_EXERCISE BRIEF_. Give the listing below again exactly, but without any of its pictures.

_INFORMATION SHOWN_.
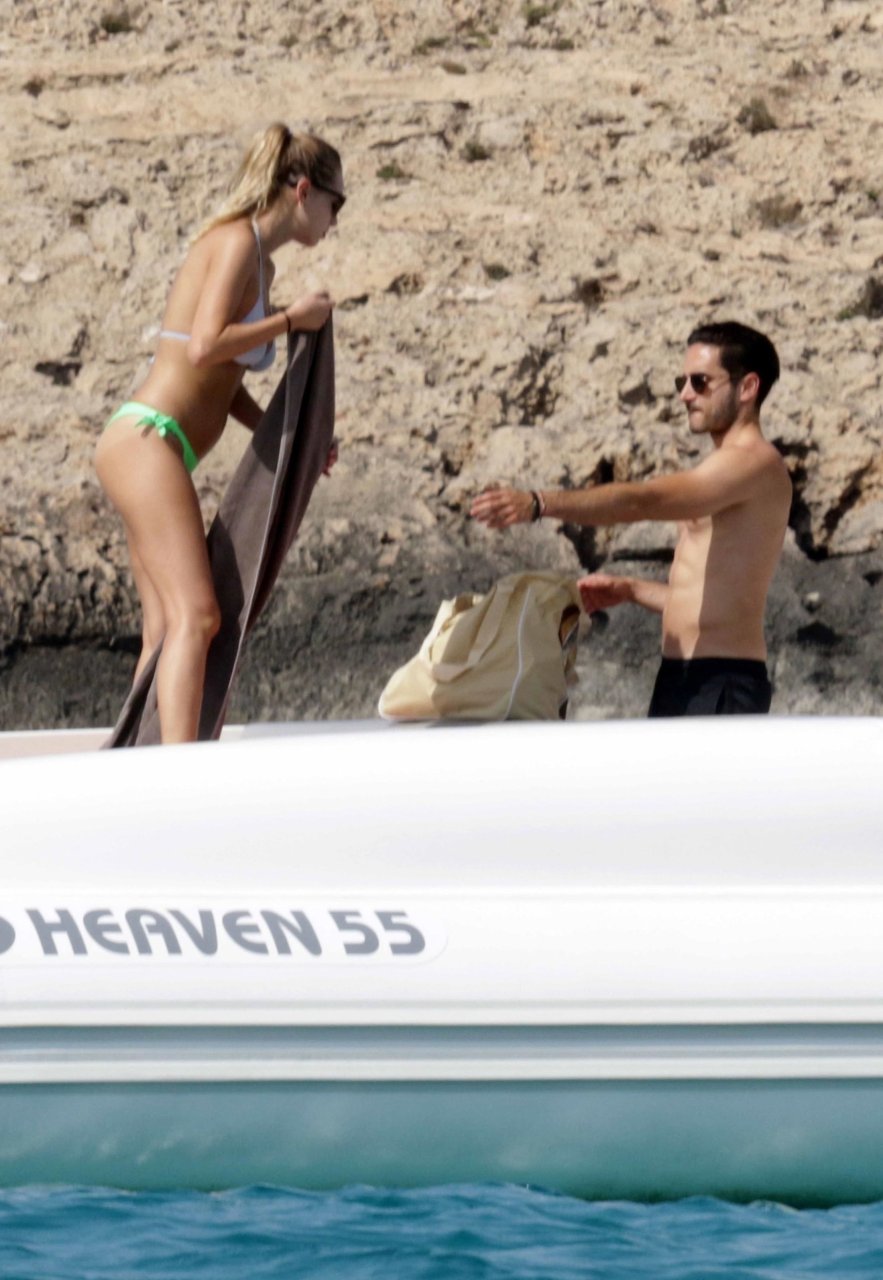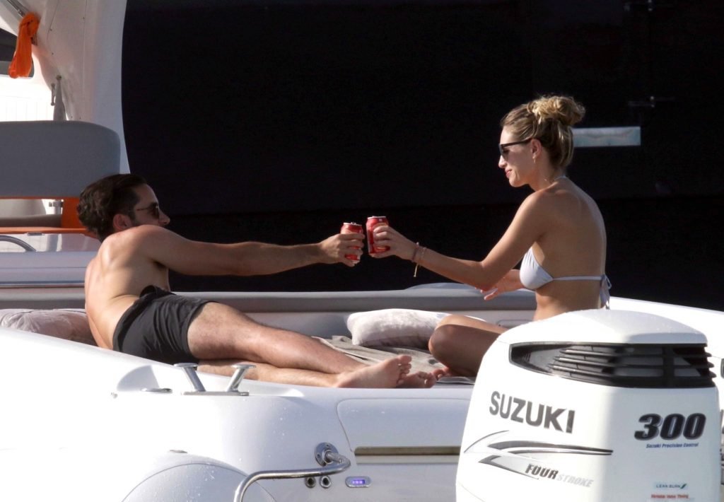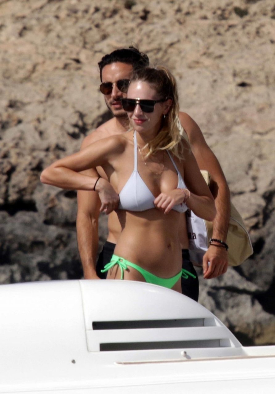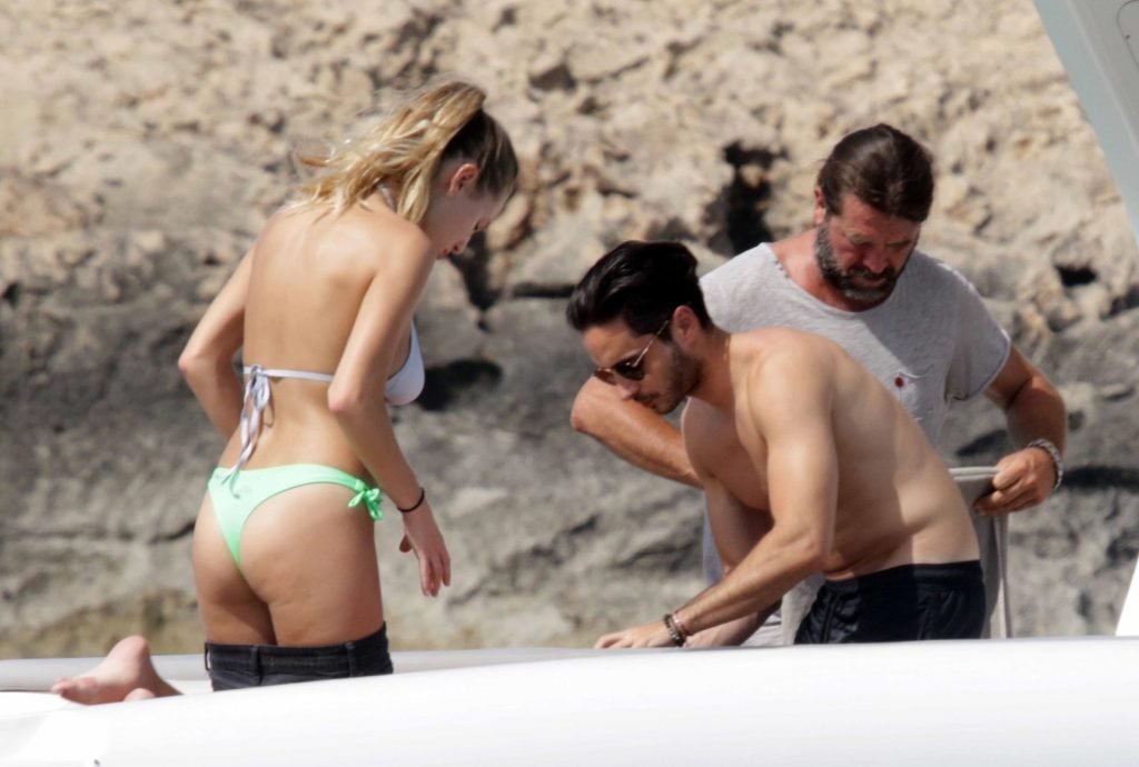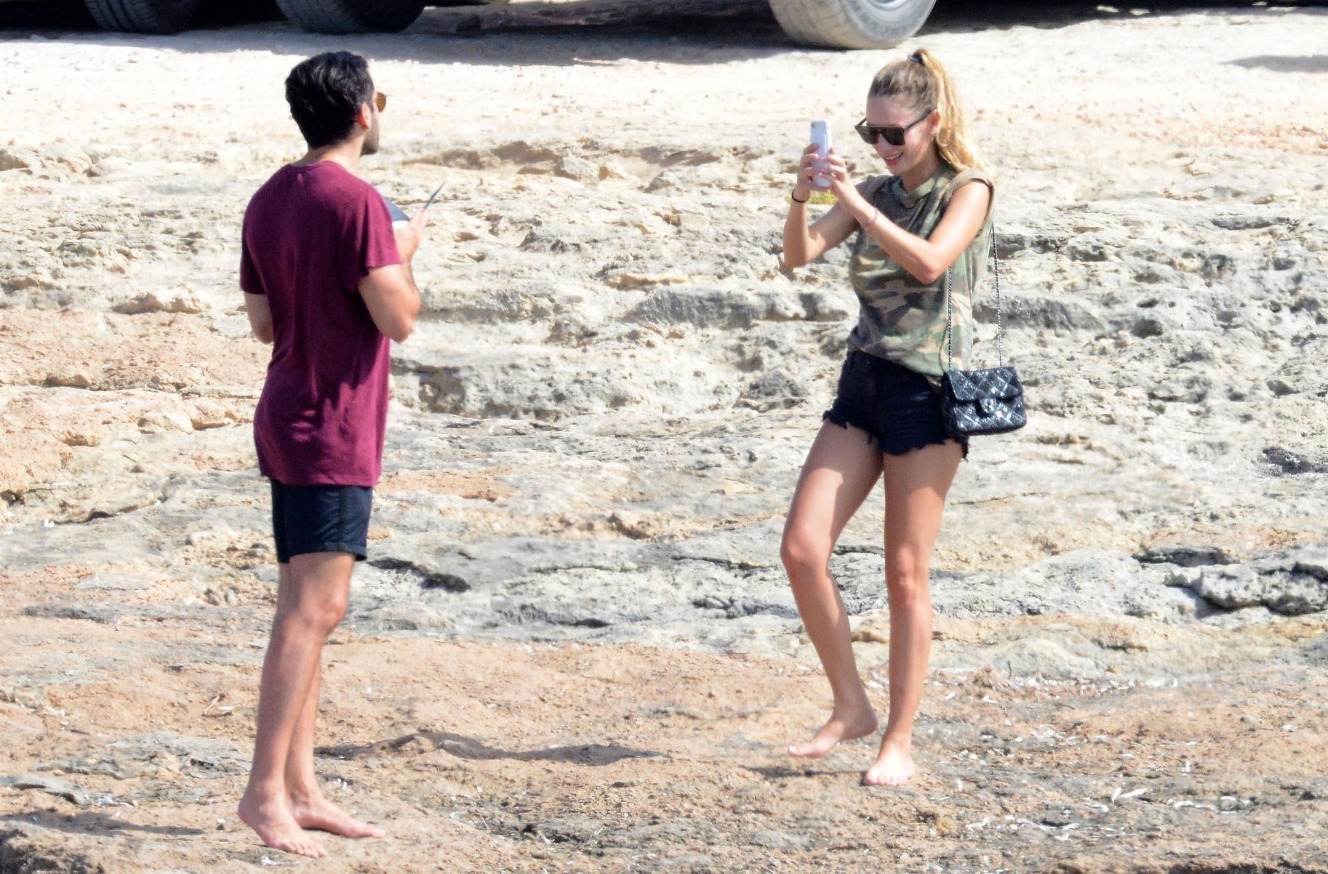 A modelo americana Dylan Frances Penn exibindo um público sexy demonstração de afeto com possível novo namorado de férias em Formentera, 17/07/2018. A filha de 27 anos do ator americano Sean Penn brilhou sob o sol espanhol com seu biquíni minúsculo.
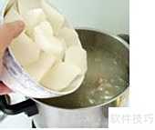 6、 加入萝卜炖煮半小时,最后加盐和鸡精调味即成。
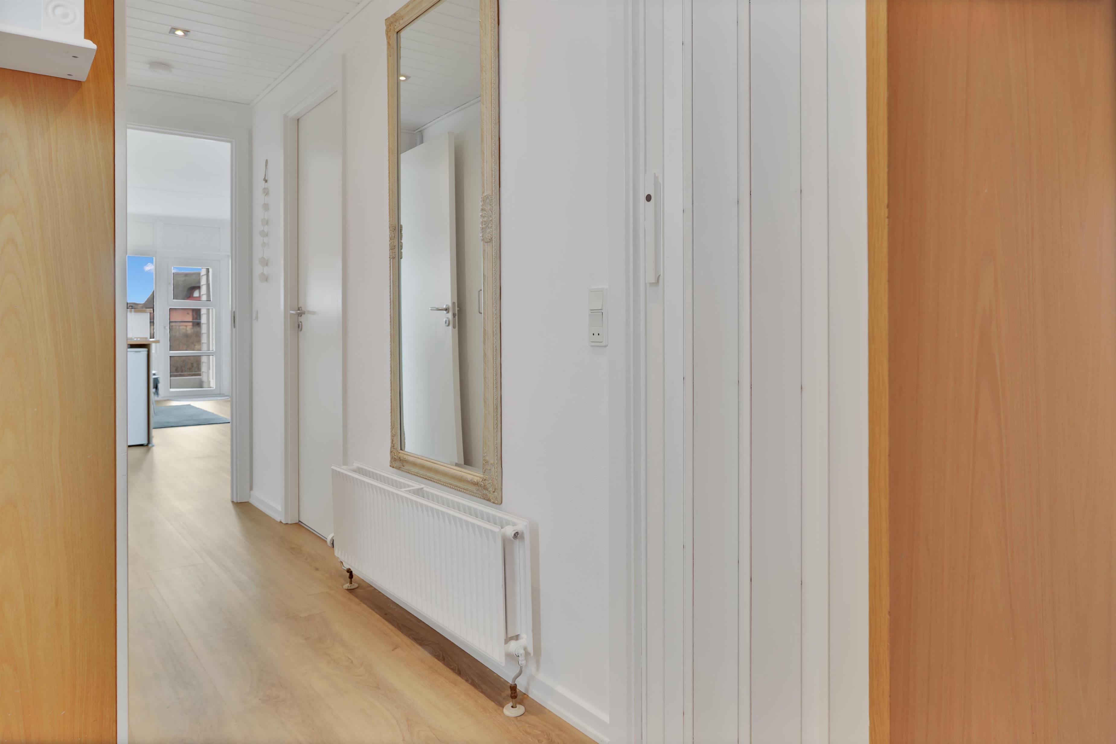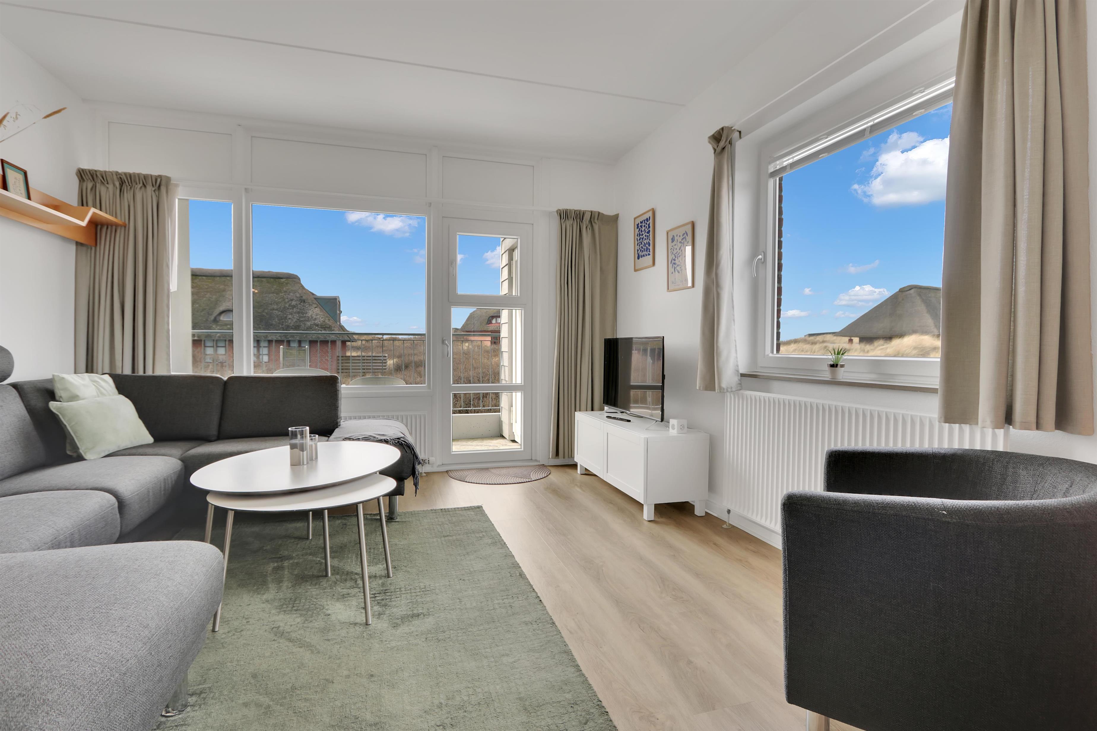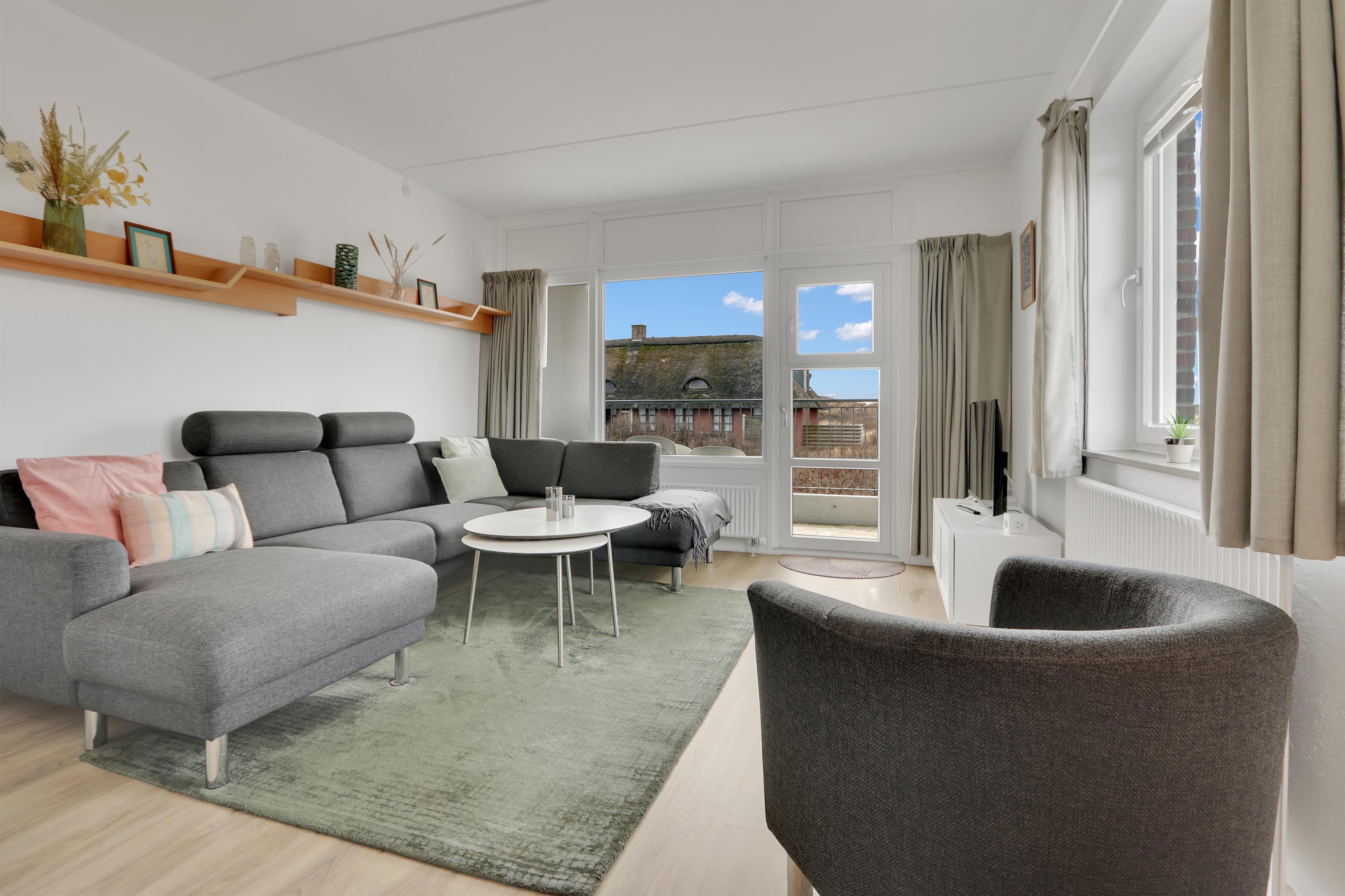 Pæn og hyggelig indrettet ferielejlighed til 5 personer beliggende på 1. sal. Kombineret stue og køkken. Stuen er indrettet med polstermøbler, kabel-TV og laminatgulv. Køkkenet er indrettet med glaskeramisk komfur, køleskab, mikroovn, emhætte, opvaskemaskine og laminatgulv. 2 soverum: 1DS + 1S og 1DS, gulvtæppe. Badeværelse med toilet, håndvask og bruser. Fra stuen er der udgang til overdækket balkon med havemøbler. Trappen til 1. sal består af 21 trappetrin. Ikke-ryger lejlighed. Det er ikke tilladt at medbringe husdyr i lejligheden. Vi gør dog opmærksom på, at lejligheden ikke er allergivenlig, og at vi ikke kan garantere, at der udenfor udlejningsperioderne ikke kommer husdyr i lejligheden.
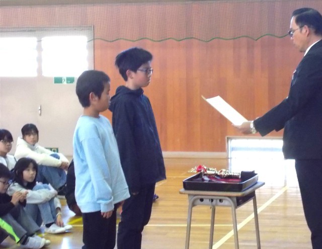 表彰は2件、①県の発明工夫展、②郡市内野球大会関係の表彰でした。

_PROBLEM SOLUTION_.
 A modelo americana Dylan Frances Penn exibindo um público sexy demonstração de afeto com possível novo namorado de férias em Formentera, 17/07/2018. A filha de 27 anos do ator americano Sean Penn brilhou sob o sol espanhol com seu biquíni minúsculo.
 6、 加入萝卜炖煮半小时,最后加盐和鸡精调味即成。
 Pæn og hyggelig indrettet ferielejlighed til 5 personer beliggende på 1. sal. Kombineret stue og køkken. Stuen er indrettet med polstermøbler, kabel-TV og laminatgulv. Køkkenet er indrettet med glaskeramisk komfur, køleskab, mikroovn, emhætte, opvaskemaskine og laminatgulv. 2 soverum: 1DS + 1S og 1DS, gulvtæppe. Badeværelse med toilet, håndvask og bruser. Fra stuen er der udgang til overdækket balkon med havemøbler. Trappen til 1. sal består af 21 trappetrin. Ikke-ryger lejlighed. Det er ikke tilladt at medbringe husdyr i lejligheden. Vi gør dog opmærksom på, at lejligheden ikke er allergivenlig, og at vi ikke kan garantere, at der udenfor udlejningsperioderne ikke kommer husdyr i lejligheden.
 表彰は2件、①県の発明工夫展、②郡市内野球大会関係の表彰でした。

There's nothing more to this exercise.